いや、稀ではない。白銀の髪はエレトシア王国では、不吉の象徴。ただじろじろと、遠目で見るのはまだかわいいもので、なかには石やゴミを投げつけるものまでいた。


見せ物のように、好奇の眼差しを向けられるのは、耐えがたいものである。よって、アリーシアは人の多い所が苦手になった。


「どうぞ」


ミアはベールを被せる。ベールは、アリーシアの白銀の髪を隠せるほど長いものである。


「なんで、ローブを忘れたんだろう」


アリーシアは、ぼそりと呟いた。


アリーシアは森から一歩でも外を出るとき、フード付きのローブを纏っている。顔を極力見られないよう、フードを深く被っていた。


今回は急いでいたためにローブを忘れ、ベールで顔や髪を覆っている。しかし、ベールでは心許ないアリーシアは、ベールを両手で押さえ、辺りを見回しながら歩いていた。

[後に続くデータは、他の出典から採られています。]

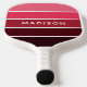 Modern Colourful Pinks Colorblock Personalized Name Pickleball Paddle features a simple, colourful and modern design in a colour block pattern of pink and plum shades with your personalized name in modern script typography. Perfect gift for Christmas, birthday, Mother's Day, best friends, sister and more. Designed by ©Evco Studio www.zazzle.com/store/evcostudio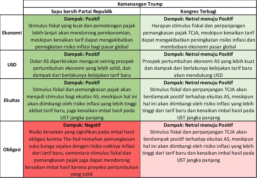 Akhirnya, kemenangan Trump, terutama kemenangan besar, diperkirakan akan mendukung Dolar AS karena prospek pertumbuhan AS yang lebih kuat, menurunnya ekspektasi penurunan suku bunga Fed, dan dampak tarif karena permintaan impor menurun.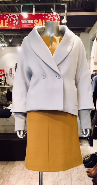 パターン切り替えスカート 早くも春の新作のスカートが入荷しました❣️(o^^o)✨✨ 異素材同士をいくつかのパターンで切り替えた、エレガントなフレアスカートです。😊💖 ニット ¥4,266- スカート ¥14,040- ブルゾン ¥9,072- 2018年1月21日

その様子は、傍目からは不審者にしか見えない。


「アリーシア、一回屋敷に帰ってローブ持ってくるか?」


アリーシアの挙動不審に、カーラインは見かねたようだ。


「いいの! お願いするよ」


「了解」


カーラインは羽を大きく広げ、大空へと旅立った。


「カーラインの旅に、墜落の奇跡を」


「うるせぇ、ラエル!」


あっという間に、カーラインは見えなくなった。




王城の門は、見上げるほど高く、馬車が2,3台走れるほど大きい。まさに、王国の威厳や威信を表している。

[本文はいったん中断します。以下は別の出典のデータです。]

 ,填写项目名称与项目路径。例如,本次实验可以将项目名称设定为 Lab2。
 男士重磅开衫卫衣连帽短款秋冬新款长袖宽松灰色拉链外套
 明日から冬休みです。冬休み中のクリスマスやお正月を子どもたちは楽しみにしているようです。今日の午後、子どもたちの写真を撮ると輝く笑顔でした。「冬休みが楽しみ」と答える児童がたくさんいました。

アリーシアは門番へ、王家の印が入った手紙を渡し、問題なく王城へと入った。

アリーシアがまず最初に向かうのは、謁見の間のある本殿ではなく、国家魔術師がいる黒の塔へと向かった。


黒の塔の扉は、細かい細工が施されている重そうなものだ。しかし、見た目にそぐわず、扉はかなり軽い。


アリーシアは勢いよく扉を開けた。


中には、魔術師が脇目も振らずに実験をしている。大きな実験場のある方からは、ばかでかい爆発音が響いてくる。


アリーシアは多くの魔術師を通り抜け、奥にあるひとつの扉の前にたどり着く。アリーシアは蹴飛ばすように、扉を開けた。


「おいおい……蹴飛ばすなよ……」


「なんなのよ、王命って!」


アリーシアは目の前にある机に手紙を叩きつけた。

目の前に座る、茶髪に琥珀色のたれ目の男ーー魔術師長は、呆れた眼差しをアリーシアに向ける。


「そこまでしないとお前、ここに来ないだろう」


「うん、来ないよ。絶対に。たとえ、勘当されようと。なのに、王命なんて使って……卑怯だよ!」


「何とでも言え」


魔術師長は今代の王の王弟だ。今回は王にお願いして、王命を出したのだろう。


「お前を王都に呼びたかったのは本当だが、王命でお前を呼ぶほどに重要な依頼が入ったのが主だ」


そう言うと、魔術師長は席をたった。


「早速、謁見の間へ行くとするか」


アリーシアは謁見の間へと向かった。